Я ответил ему, тогда он поинтересовался, как я отношусь к Достоевскому.

– Он слишком много рассуждает, – заметил я.

Блум закусил губу, а мне захотелось рассказать им о Лескове, о котором они и понятия не имели.

– Давай! – сказал Хан. Это прозвучало как приказ.

Далее последовал мой рассказ о том, что Лесков являлся человеком крепкого телосложения и знал народ не понаслышке. Он был мало подвержен влиянию Запада, и поэтому Советы его не запрещали. Конечно, Лесков не пользовался таким авторитетом, как Толстой, но всю свою жизнь боролся со старым русским восприятием мира, против пренебрежительного нигилизма петербургских умников, политической и религиозной изоляции.

– Сталин придерживается подобных же взглядов, объявляя священную войну западным язычникам, – подвел я итог своему повествованию.

– Все это маскировка, – заметил Хан.

– Не исключено, – согласился я. – Но посмотрите на эту добрую женщину… – И, показав жестом на Наташу, хозяйку дома, продолжил: – Как вы думаете, она будет стенать, если Сталин скажет, что ее сын и муж должны сражаться за нее, за детей, за свою землю, за свой дом?

Тут появился ефрейтор Шварц, один из наших связистов. Он был родом из Вены и самым высоким в нашей роте. Его двухдневное отсутствие не прошло незамеченным.

– Ефрейтор Шварц прибыл после восстановления линии связи, – по уставу доложил верзила Хану.

– Бог мой! – вскочил Хан. – Где вас носило? Какое восстановление связи? Я доложил о вас как о пропавшем без вести!

Шварц был призван в армию год назад, сразу после окончания школы и мечтал получить высшее образование и стать инженером.

– Но я же вернулся, – робко проговорил он. – Просто сбился с пути.

Шварц выглядел как форменный оборванец. Его сапоги, форма и велосипед были облеплены грязью. Он отощал и заметно отличался от нас, ведь мы все последние два дня только и делали, что мылись и брились, ели и спали.

– Вы голодны, Шварц? – спросил Хан.

– Так точно, господин унтер-офицер. У меня два дня во рту не было ни маковой росинки.

– Эти два дня вы были у русских?

– Нет.

– Разве вы по дороге не видели полевую кухню?

– Видел, но… – замямлил он, заикаясь и чуть ли не плача. Ему было стыдно попросить еды.

– Какой глупый малый, – бросил Блум, когда Шварц ушел.

– Пару дней назад, – заметил Эрхард, – нам выделили в помощь одного военнопленного из Владивостока. Ему также было восемнадцать лет. До войны он учился в институте и неплохо говорил по-немецки. Этот парень умел забивать свиней, готовить, скакать верхом, пользовался успехом у женщин. К сожалению, нам пришлось с ним расстаться.
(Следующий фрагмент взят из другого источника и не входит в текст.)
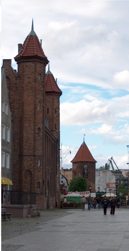
Rysunek 23. LO_klasa2_Histspolecz_T9_L5. Gdański gotyk.

– Таким, как этот Шварц, на войне нужна нянька, – прорычал Бланк, закончивший рубить дрова. Он достал из кармана колоду карт, и мы, Бланк, Эрхард, Хан и я, стали играть в тарок[28], а Блум пошел к себе во взвод.
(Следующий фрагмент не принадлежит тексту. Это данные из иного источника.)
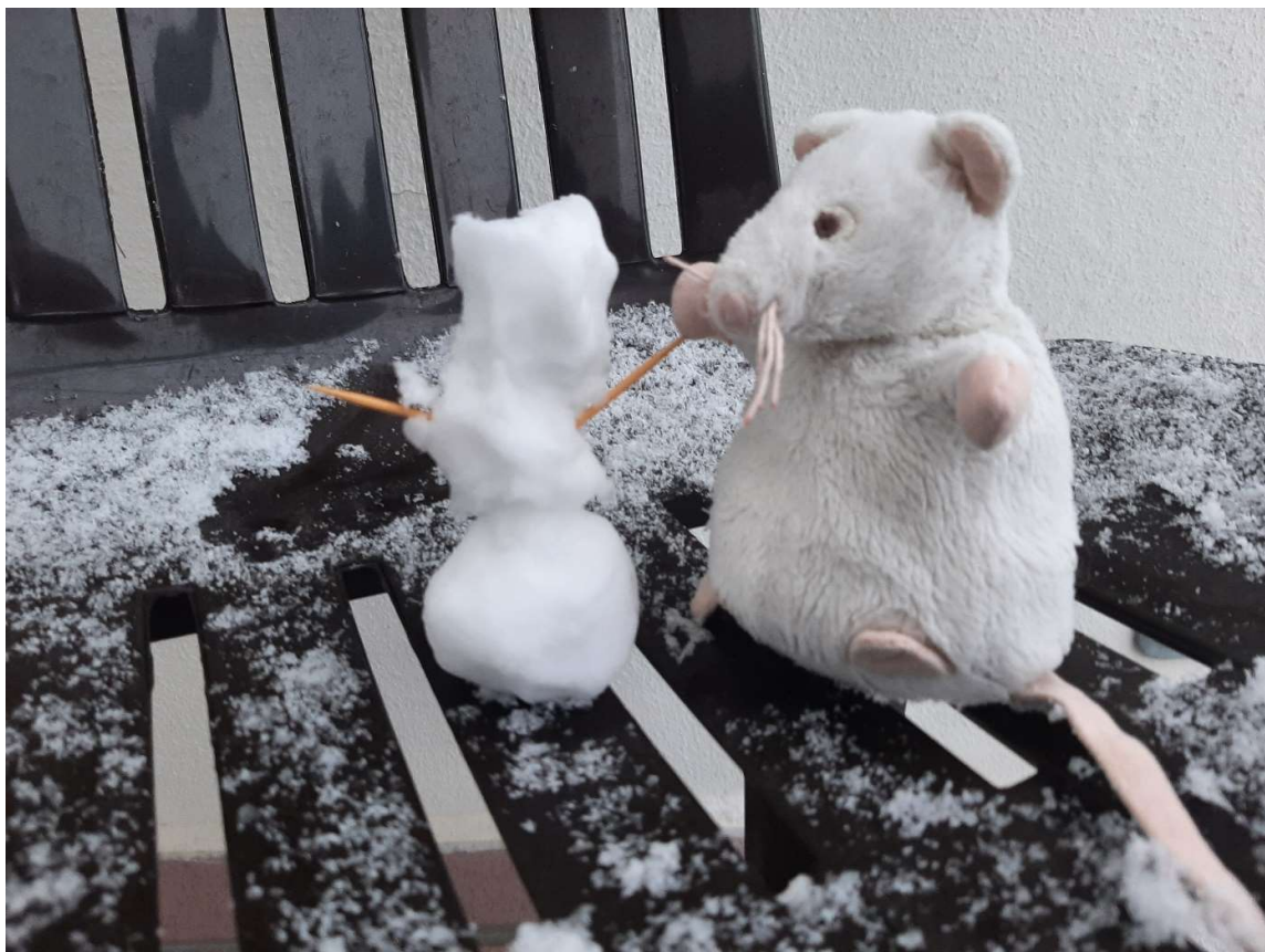
Sněhulák na balkóně!

Ночью шел холодный дождь с грозой, но к 4 часам утра, когда нам надо было выступать, дороги просохли. Взяв немного севернее, мы вышли на грунтовую дорогу, предположительно шоссе на Киев, по обеим сторонам которого виднелись следы ожесточенных боев. Везде лежали трупы русских. С шоссе наша рота свернула на проселочную дорогу.

Почва была жирной и плодородной, сплошной чернозем. Поля очищены от камней. Дорога то шла на подъем, то вниз на пологих склонах холмов, как будто дышала сама Земля. Наши крестьяне сначала оценивают возможности, и только потом трогают землю, считая, что при интенсивной ее обработке можно снимать двойные урожаи. По их мнению, машинная обработка огромных площадей угнетает землю. Шестнадцать центнеров с гектара – это слишком мало. Раньше в России между полями тоже были небольшие лесочки, но сегодняшние сплошные пашни приводили к тому, что местность превращалась в степь. Изничтоженные лесные полосы Советы попытались заменить длинными лентами кустарника, в которых селились птицы и маленькие зверьки. Лет через десять на месте этого кустарника вырастал настоящий лес. Клен, акация, барбарис, тис, липа перемешались с кустами терновника и крыжовника. Попадалась и земляника, маня своим запахом толпы желающих.

Наш марш на восток проходил как раз между такими полосами. Мы вытянулись в длинную узкую колонну, похожую на ленту. Такой марш, наверное, был последним в европейской военной истории: пехота следовала в пешем порядке, на повозках и лошадях. Как и у русских, большая часть нашей армии была на лошадях. Танковых и моторизованных частей насчитывалось мало. Они двигались перпендикулярно фронту от одной точки сосредоточения основных усилий к другой. По сравнению с ними в артиллерии лошадей имелось в шесть, а то и в восемь раз больше. Отдельные части, такие как истребительно-противотанковые и разведывательные, были моторизованы и у нас.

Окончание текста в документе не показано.